O personagem Edgar Wilson (recorrente em suas histórias) é a junção de Edgar Alan Poe com do personagem William Wilson, que dá nome a um dos contos do autor, revelando uma de suas influências.

Imagino como deva ser complicado para um autor nacional conseguir publicar alguma coisa por uma grande editora. É mais fácil investir no óbvio, que vai trazer lucro certo, do que apostar num novo nome e apresentá-lo aos seus leitores. Sem contar que o fato de ser mulher deve complicar ainda mais essa situação, enfrentando o machismo cada vez mais forte de homens inseguros e que vêem na mulher uma ameaça a…. sei lá o quê. Principalmente depois de constatarmos que estamos regredindo como sociedade nos últimos anos. Para se ter uma ideia dos obstáculos que uma mulher enfrenta, J. K. Rowling assinava assim para não saberem que era uma mulher escrevendo (só para citar um exemplo!).

Ana Paula Maia conquista seu espaço de forma imponente, com muito sangue e violência. Suas obras já foram publicadas em vários países como Alemanha, Estados Unidos, Sérvia, França, Itália e Argentina.

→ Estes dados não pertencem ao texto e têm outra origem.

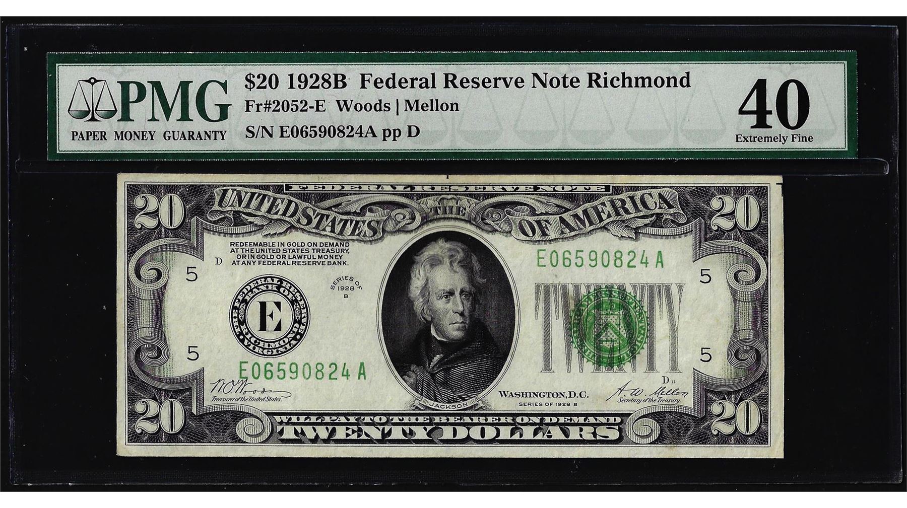 One 1928B $20 Federal Reserve Note Richmond Fr.2052-E PMG Extremely Fine 40. PMG Certified.
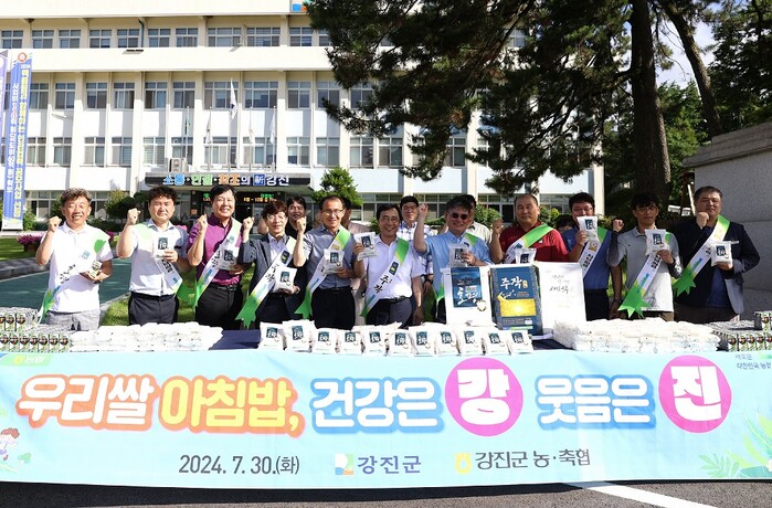 이번 캠페인에서는 군 농정실장, 농협중앙회 강진군지부장, 강진농협 조합장, 강진군농협통합RPC 대표 등이 참여하여 강진쌀로 만든 백설기 떡과 두유 각 1,000개를 준비해 출근하는 직원들에게 나눠줬으며, 행사 후 남은 떡과 음료는 군청 각 실과 소 및 지역 농협에 배부해, 건강을 위한 아침밥의 중요성과 강진쌀 소비 장려를 위한 메시지를 전달했다.
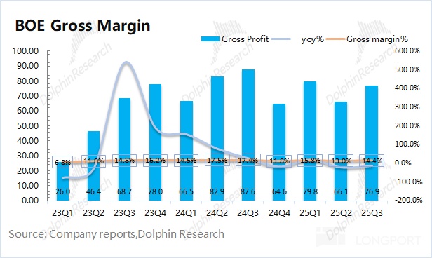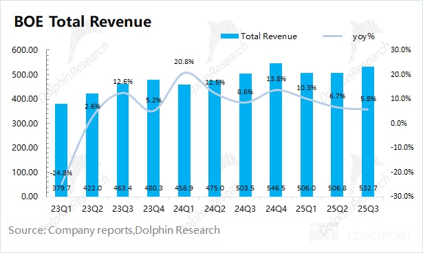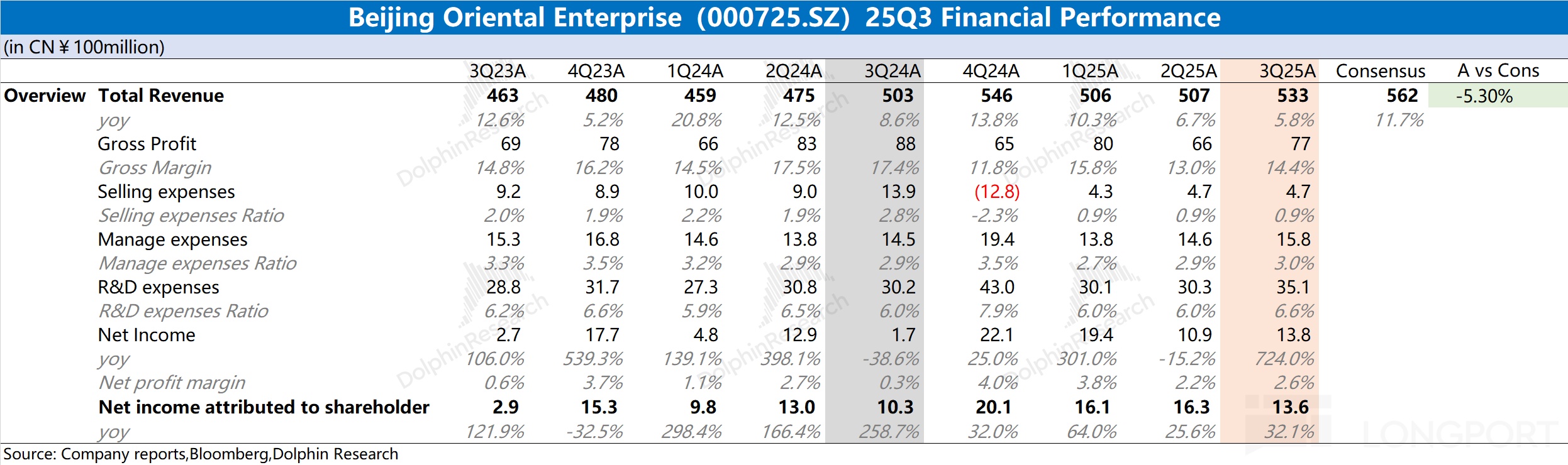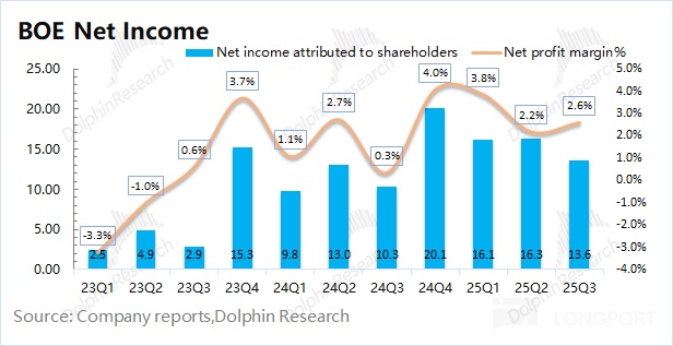 1.整体业绩:京东方 2025 年第三季度实现营收 533 亿元,同比增长 5.8%。此前公司收入的大幅回升,主要是受面板价格回暖的带动。由于下游需求仍相对偏弱,价格开始趋于平稳,公司单季度收入维持在 500 亿附近。京东方 2025 年第三季度归母净利润为 13.6 亿元,同比增长 32%,主要是受非经营性因素(营业外收入等方面)的影响。
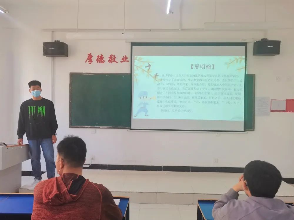 黄云龙同志带领大家重温夏明翰、陈一曼等革命先烈的英雄事迹,学习他们坚持真理、坚守理想、不怕牺牲、英勇斗争的政治品格。同时通过回顾中国共产党在各个不同历史时期涌现出的无数英烈的丰功伟绩号召大家弘扬红色精神、传承红色基因,向革命先烈看齐,立足自身、踏实学习、增强本领。最后,张怀阳同志强调:“如今盛世来之不易,是千千万万革命烈士,用生命和鲜血换来的。今天我们见证着如他们所愿的盛世,更要以先辈英模为榜样,珍惜幸福之生活,觉醒自身之理想,奉献青年之伟力。”
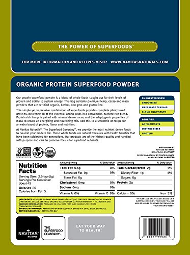 Navitas Naturals Protein Blend is an energizing, nourishing and delicious ready-for-your-blender smoothie mix of three of the world's most nutrient-rich whole foods: hemp; cacao; and maca. This robust trio of superfoods provides you with natural strength and energy to power through your day.
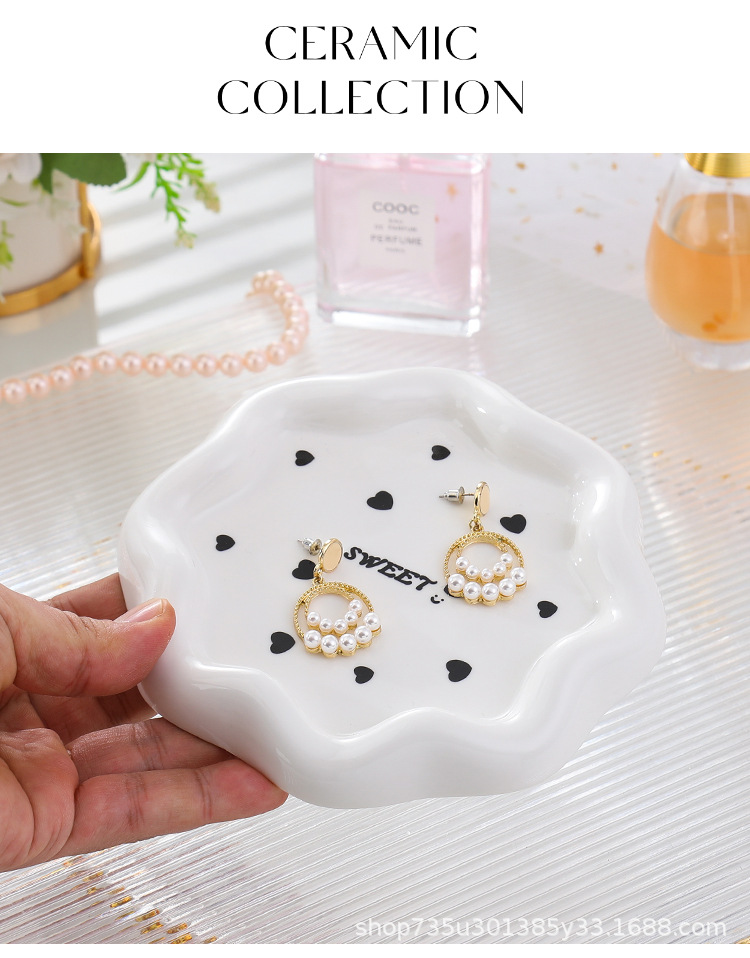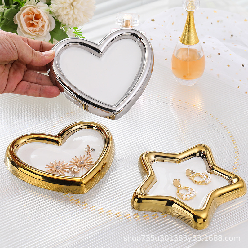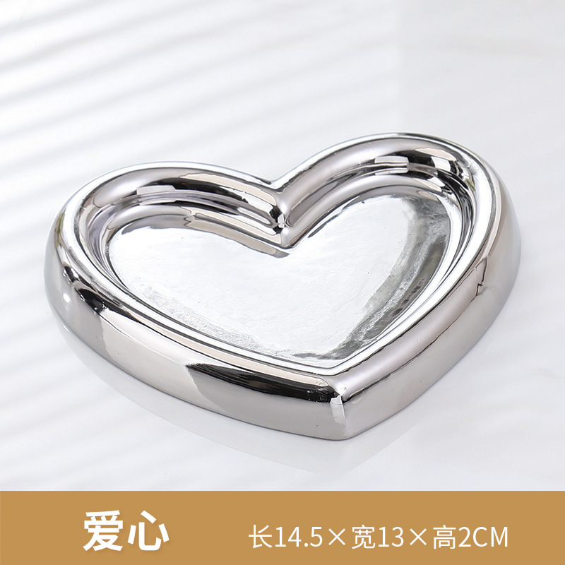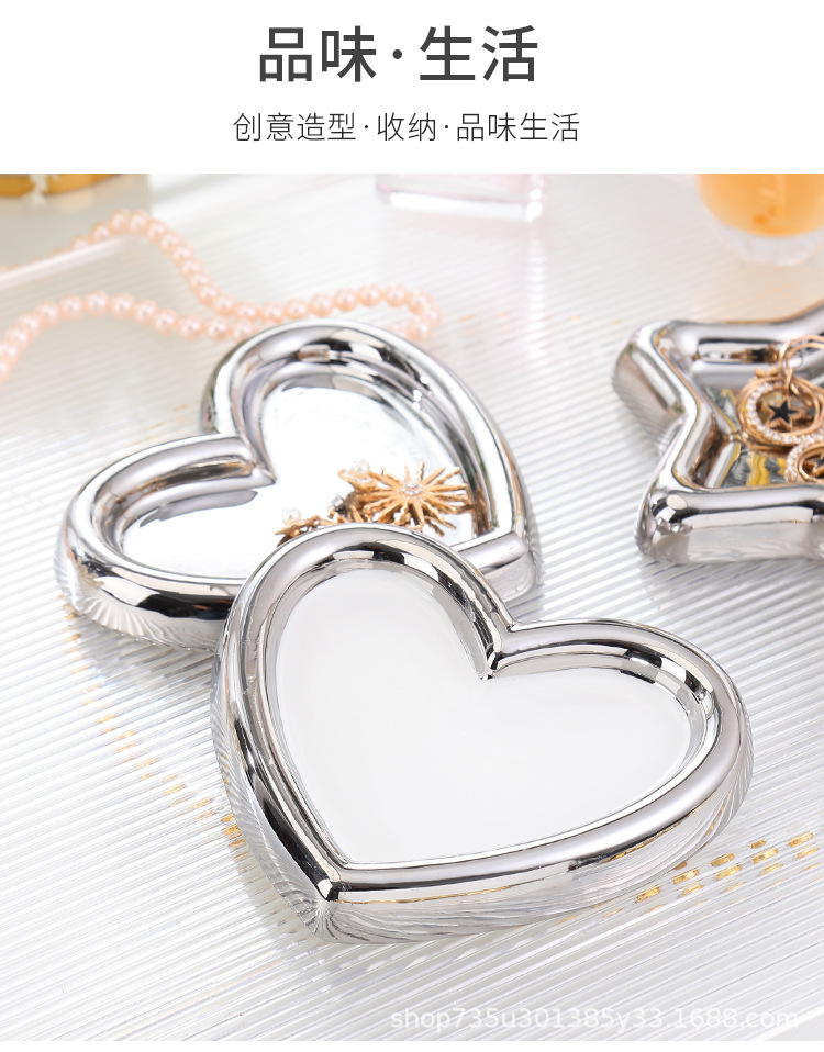 Color: Peach Heart Jewelry Plate-Outside Silver Inside White
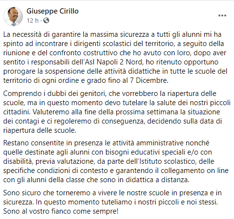 Dalla pagina Facebook del Sindaco di Cardito Cirillo
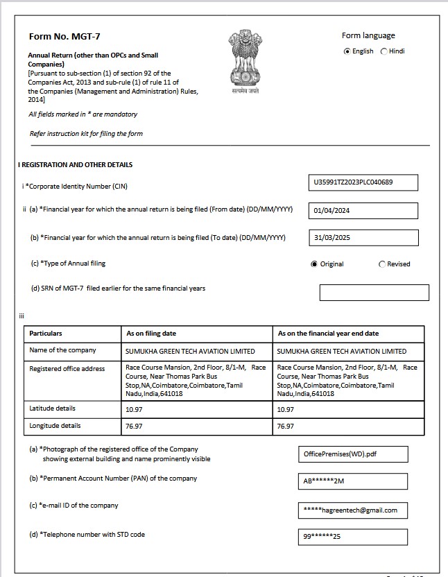 Form MGT-7 is an annual return form that every company must file with the Ministry of Corporate Affairs (MCA) under the Companies Act, 2013. It contains key details like shareholding pattern, directors, and company compliance information for the financial year.

Mas apesar disso, ainda é relativamente pouco conhecida por aqui. Ou é pelos motivos mencionados no parágrafo anterior, ou é o nosso complexo de vira-latas falando mais alto. Talvez seja um bocado dos dois.

Em 2017 ainda tivemos ainda mais de Ana Paula Maia. O filme Deserto – que foi roteirizado por ela – do diretor Guilherme Weber – e que já coleciona prêmios em vários festivais, deve entrar em circuito comercial ainda esse ano.  

Uma última pergunta… Onde eu estava que não a conheci antes?